UC Davis Bioinformatics Core August 2019 RNA-Seq Workshop @ UCD

☰ Menu

Alignment using Salmon

Salmon Aligner

Salmon is a tool for quantifying the expression of transcripts using RNA-seq data. Salmon uses new algorithms (specifically, coupling the concept of quasi-mapping with a two-phase inference procedure) to provide accurate expression estimates very quickly (i.e. wicked-fast) and while using little memory. Salmon performs its inference using an expressive and realistic model of RNA-seq data that takes into account experimental attributes and biases commonly observed in real RNA-seq data.

We first need to index the reference (In this case the transcriptome)

1. First lets make sure we are where we are supposed to be and that the References directory is available.

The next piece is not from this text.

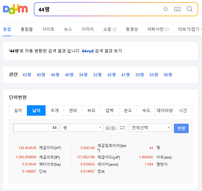 4. 조금 큰 평수인 44평은 145.45제곱미터라고 나옵니다.

cd /share/workshop/$USER/rnaseq_example

2. To align our data we will need the transcriptome (fasta) and annotation (gtf) for human. There are many places to find them, but we are going to get it from the GENCODE.

We need to first get the urls for the and protein coding genes. For RNAseq we want to use the protein coding transcript sequences and basic gene annotation. At the time of this workshop the current version of GENCODE is 31. You will want to update the scripts to use the current version.

index_figure1

index_figure1


3. Lets take a look at the help docs for salmon and its subcommands as well:

module load salmon
salamon -h
salmon index -h

4. First we need to index the transcriptome for STAR. Lets pull down a slurm script to index the human GENCODE version of the transcriptome.

wget https://raw.githubusercontent.com/ucdavis-bioinformatics-training/2019_August_UCD_mRNAseq_Workshop/master/scripts/salmon_index.slurm
less salmon_index.slurm

Press ‘q’ to exit.

#!/bin/bash #SBATCH --job-name=salmon_index # Job name #SBATCH --nodes=1 #SBATCH --ntasks=8 #SBATCH --time=60 #SBATCH --mem=15000 # Memory pool for all cores (see also --mem-per-cpu) #SBATCH --partition=production #SBATCH --reservation=workshop #SBATCH --account=workshop #SBATCH --output=slurmout/salmon-index_%A.out # File to which STDOUT will be written #SBATCH --error=slurmout/salmon-index_%A.err # File to which STDERR will be written start=`date +%s` echo $HOSTNAME outpath="References" cd ${outpath} wget ftp://ftp.ebi.ac.uk/pub/databases/gencode/Gencode_human/release_31/gencode.v31.pc_transcripts.fa.gz gunzip gencode.v31.pc_transcripts.fa.gz PC_FASTA="gencode.v31.pc_transcripts.fa" INDEX="salmon_gencode.v31.index" module load salmon call="salmon index -i ${INDEX} -k 31 --gencode -p 8 -t ${PC_FASTA}" echo $call eval $call end=`date +%s` runtime=$((end-start)) echo $runtime
  1. The script changes into the References directory.
  2. It uses wget to download the transcript fasta file from GENCODE.
  3. Uncompresses it using gunzip.
  4. Run Salmon indexing, using the “gencode” flag to parse the GENCODE file properly, and outputting to a new directory called “salmon_gencode.v31.index”.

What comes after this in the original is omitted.